A study by Harvard Business Review describes how because dynamic pricing focuses on “economic efficiency,” it often ends up “[blocking] access to essential needs, magnifying the possibility of societal harms”. According to Davis & Chouinard’s paper, technology “[discourages] when one line of action, though available should subjects wish to pursue it, is only accessible through concerted effort”. Dynamic pricing tools “discourage” human intervention in algorithms — although it’s possible for companies to intervene, the process is often complicated and only used as a last resort. Companies need to make it simpler to override algorithms when the time arises — when people’s health and lives are at stake, this could be a critical improvement. This could be done in a variety of ways, like companies creating a department to manage crisis response. As a consumer, I’d appreciate “Emergency” buttons within apps, or even seeing companies be more responsive to public demand in general.

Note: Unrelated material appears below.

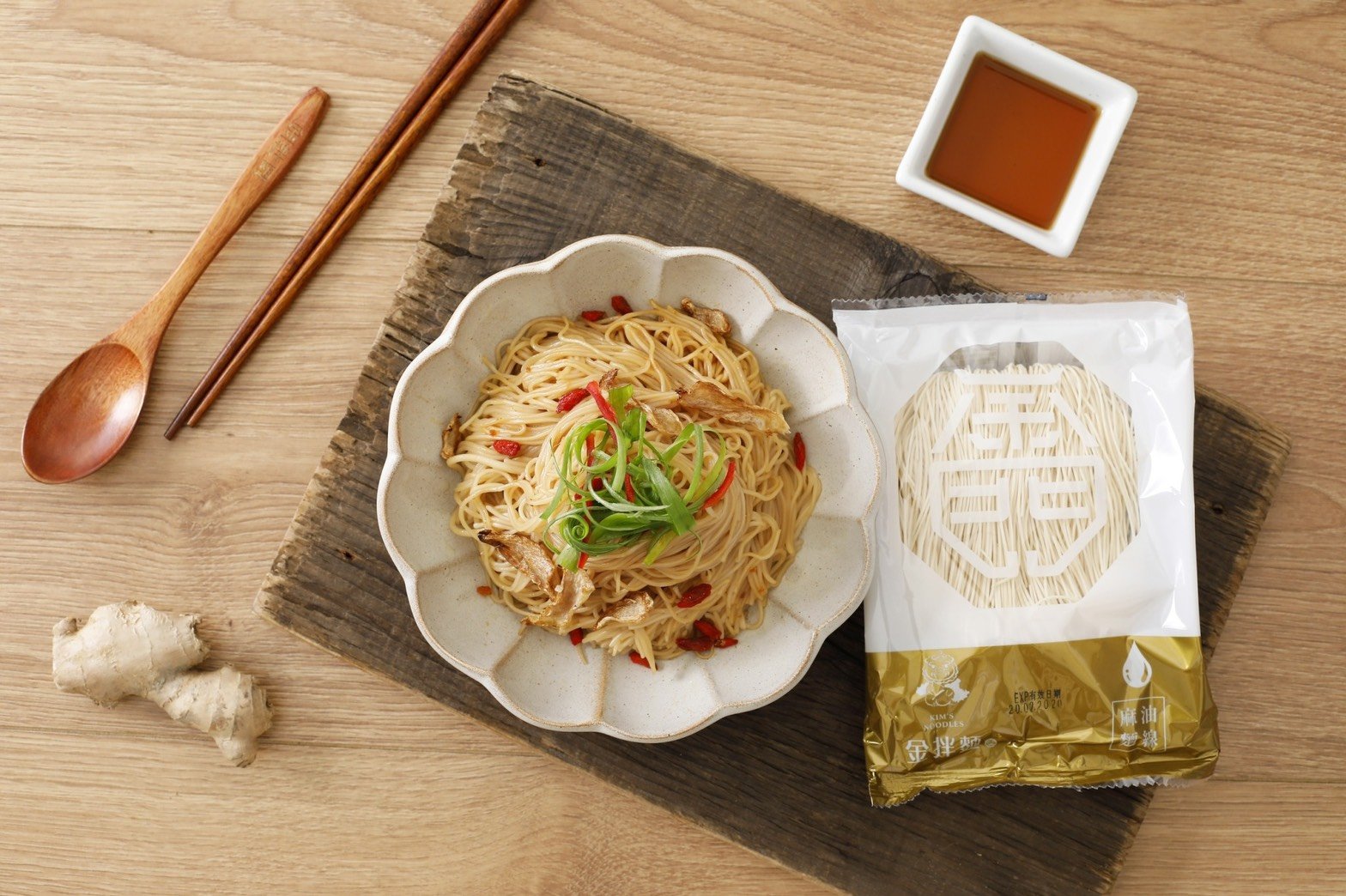 •金拌麵【經典油蔥口味】手工麵120公克x1 麵(小麥麵粉、水、鹽)、純釀造醬包(醬汁、水、鹽、糖、調味劑(L-麩酸鈉、5`-次黃嘌呤核苷磷酸二鈉、5`-鳥嘌呤核苷磷酸二鈉)、著色劑(焦糖色素)、甜味劑(醋磺內酯鉀)、蔥油(大豆色拉油)、抗氧化劑(混和濃縮生育醇、大豆色拉油)

Lucian Floridi discusses how “Our technological tree has been growing its far-reaching branches much more widely, rapidly, and chaotically than its conceptual, ethical, and cultural roots”. This concept directly applies to the growth of dynamic pricing — the technology’s growth has been rapid and expansive, but has failed to fully account for ethical issues. Over the past couple decades, dynamic pricing has emerged as a powerful tool in industries like advertisement, sports, entertainment, and e-commerce. As a pricing method, it has reshaped the way that companies are able to interact with customers by using data and algorithms. However, business incentives of increased profits and customer personalization are often prioritized over major ethical concerns that arise with the technology. Specifically, companies need to invest in improving algorithm transparency, equity measures, and human-override controls.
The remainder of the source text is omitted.